Your objective:
Output a faithful copy of the entries, every picture removed.

Data for the task:
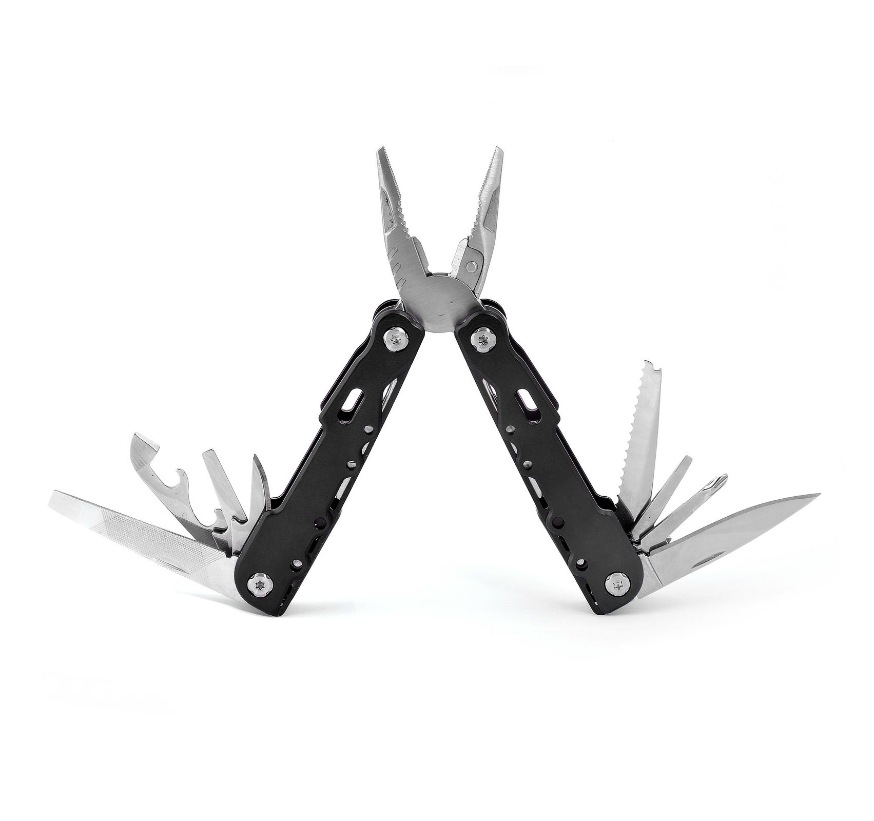 Мультитул на 9 функцій з фіксатором елементів, що відкриваються, у чохлі з нейлону (розмір в закритому стані 10,5Х4 см.)
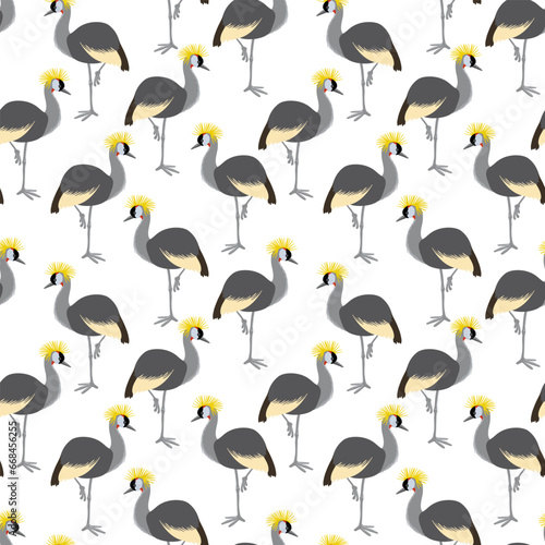 Fototapeta premium vector drawing vector drawing seamless pattern with bird, hand drawn black crowned crane ,hand drawn natural background
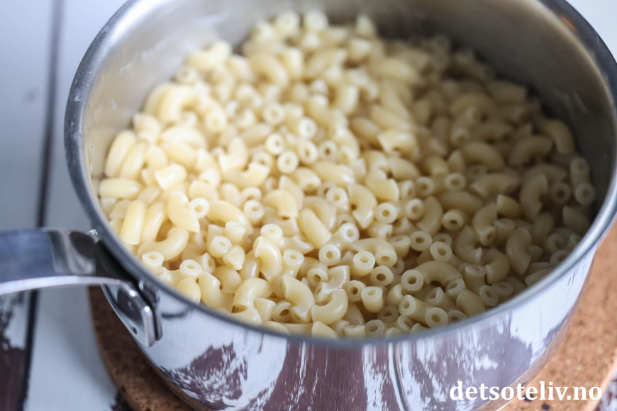Kok makaroni som anvist på pakningen og sil av vannet.
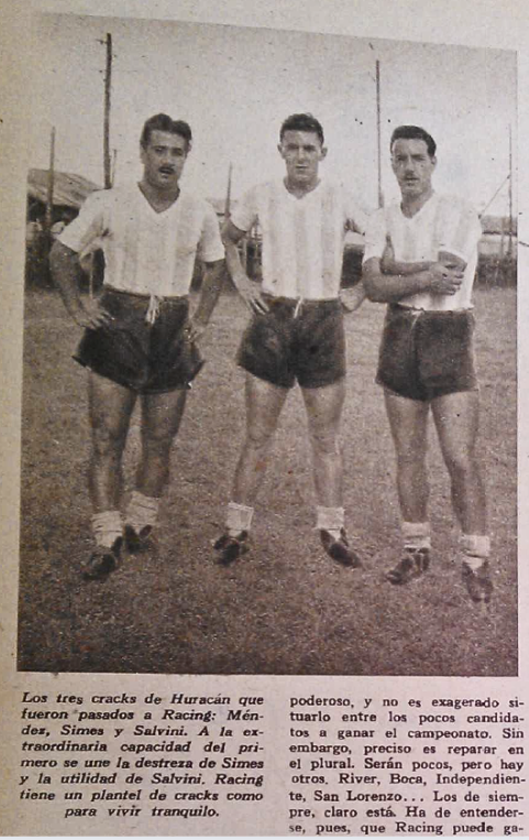 Tras el Campeonato Sudamericano de 1947, disputado en diciembre de aquel año, ya en los primeros números de El Gráfico de enero de 1948 se hablaba del interés y posible contratación de las tres figuras de Huracán. Cabe mencionar que el entrenador del seleccionado argentino, era Guillermo Stábile, quien también ocupaba el puesto de director técnico en Racing. Don Guillermo ya conocía muy bien a Salvini y Méndez.
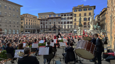 Il 25 aprile ore 17.30 sull’Arengario di Palazzo Vecchio torna a esibirsi La Filarmonica Rossini con il concerto “Bella Ciao! 25 Aprile 1945-2026”
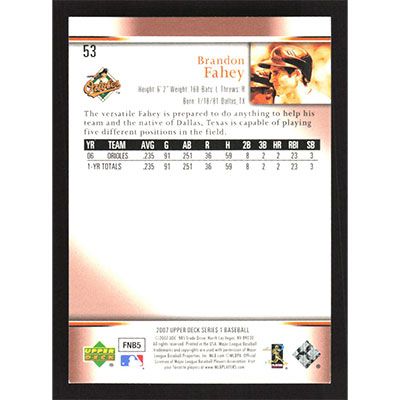 This is a 2007 Upper Deck Gold Brandon Fahey baseball card. The card is #53 and pictures show condition. This card is limited; #'d 32/75. Team(s): Baltimore Orioles
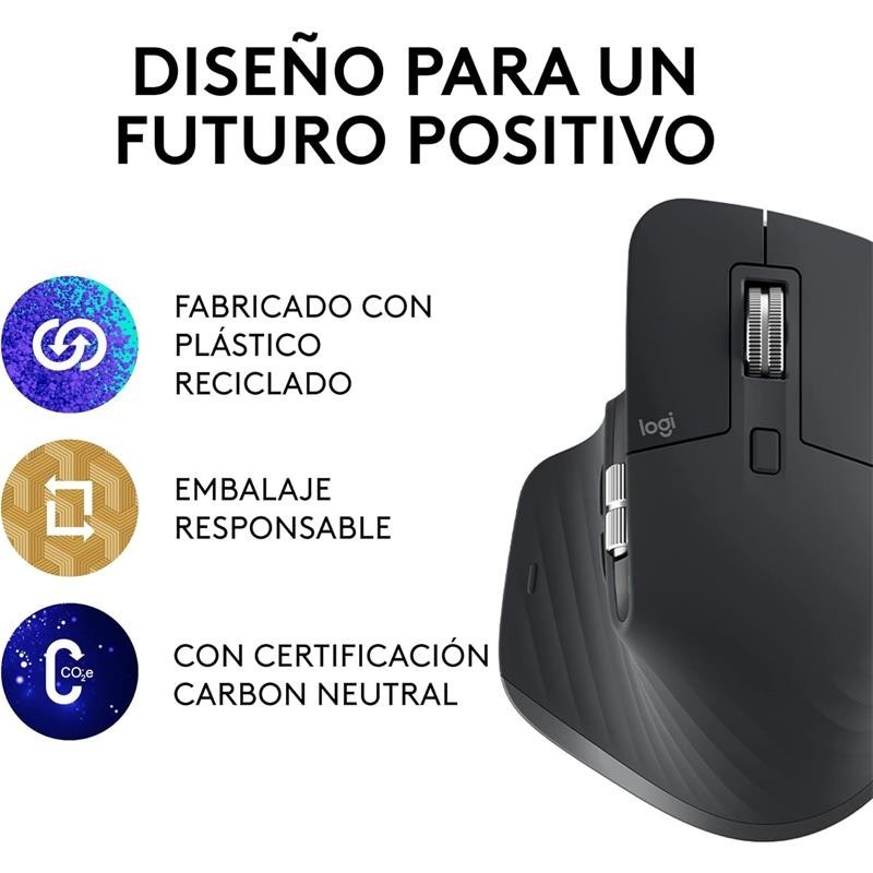 Las piezas de plástico en MX Master 3S incluyen plástico reciclado posconsumo con certificación (grafito y negro: 27%, gris pálido: 22%(10). Con certificación Carbón Neutral.
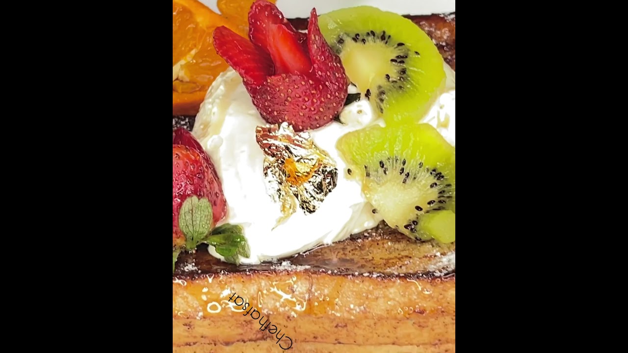 IngredientsINGREDIENTS 1 cup of milk 2 eggs 1 cup of sugar 3 sticks of butter/oil 1 tablespoon of cinnamon powder 1/2 teaspoons vanilla extract Whipped cream Strawberry Edible gold leaf Kiwi Orange for garnishing Maple syrup cinnamoneasyFranceFrenchFrench recipesPeasyRecipeToastVideoVlogYouTube
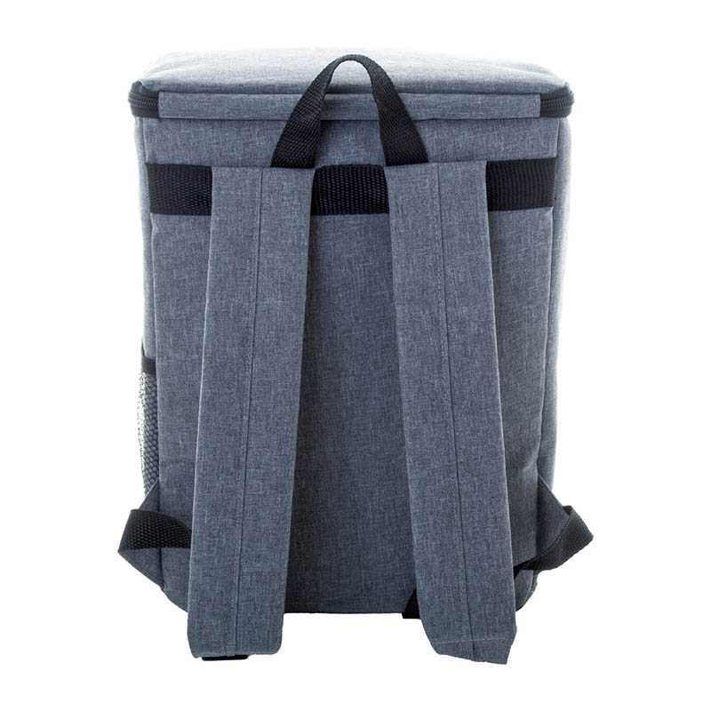 Chladiaci batoh RPET s hlavným vreckom na zips s PEVA výstelkou, bočnými sieťovanými vreckami a polstrovanými ramennými popruhmi. S výrazným štítkom RPET. Polyester 600D RPET.

Exercise output:
 Мультитул на 9 функцій з фіксатором елементів, що відкриваються, у чохлі з нейлону (розмір в закритому стані 10,5Х4 см.)
 Fototapeta premium vector drawing vector drawing seamless pattern with bird, hand drawn black crowned crane ,hand drawn natural background
Kok makaroni som anvist på pakningen og sil av vannet.
 Tras el Campeonato Sudamericano de 1947, disputado en diciembre de aquel año, ya en los primeros números de El Gráfico de enero de 1948 se hablaba del interés y posible contratación de las tres figuras de Huracán. Cabe mencionar que el entrenador del seleccionado argentino, era Guillermo Stábile, quien también ocupaba el puesto de director técnico en Racing. Don Guillermo ya conocía muy bien a Salvini y Méndez.
 Il 25 aprile ore 17.30 sull’Arengario di Palazzo Vecchio torna a esibirsi La Filarmonica Rossini con il concerto “Bella Ciao! 25 Aprile 1945-2026”
 This is a 2007 Upper Deck Gold Brandon Fahey baseball card. The card is #53 and pictures show condition. This card is limited; #'d 32/75. Team(s): Baltimore Orioles
 Las piezas de plástico en MX Master 3S incluyen plástico reciclado posconsumo con certificación (grafito y negro: 27%, gris pálido: 22%(10). Con certificación Carbón Neutral.
 IngredientsINGREDIENTS 1 cup of milk 2 eggs 1 cup of sugar 3 sticks of butter/oil 1 tablespoon of cinnamon powder 1/2 teaspoons vanilla extract Whipped cream Strawberry Edible gold leaf Kiwi Orange for garnishing Maple syrup cinnamoneasyFranceFrenchFrench recipesPeasyRecipeToastVideoVlogYouTube
 Chladiaci batoh RPET s hlavným vreckom na zips s PEVA výstelkou, bočnými sieťovanými vreckami a polstrovanými ramennými popruhmi. S výrazným štítkom RPET. Polyester 600D RPET.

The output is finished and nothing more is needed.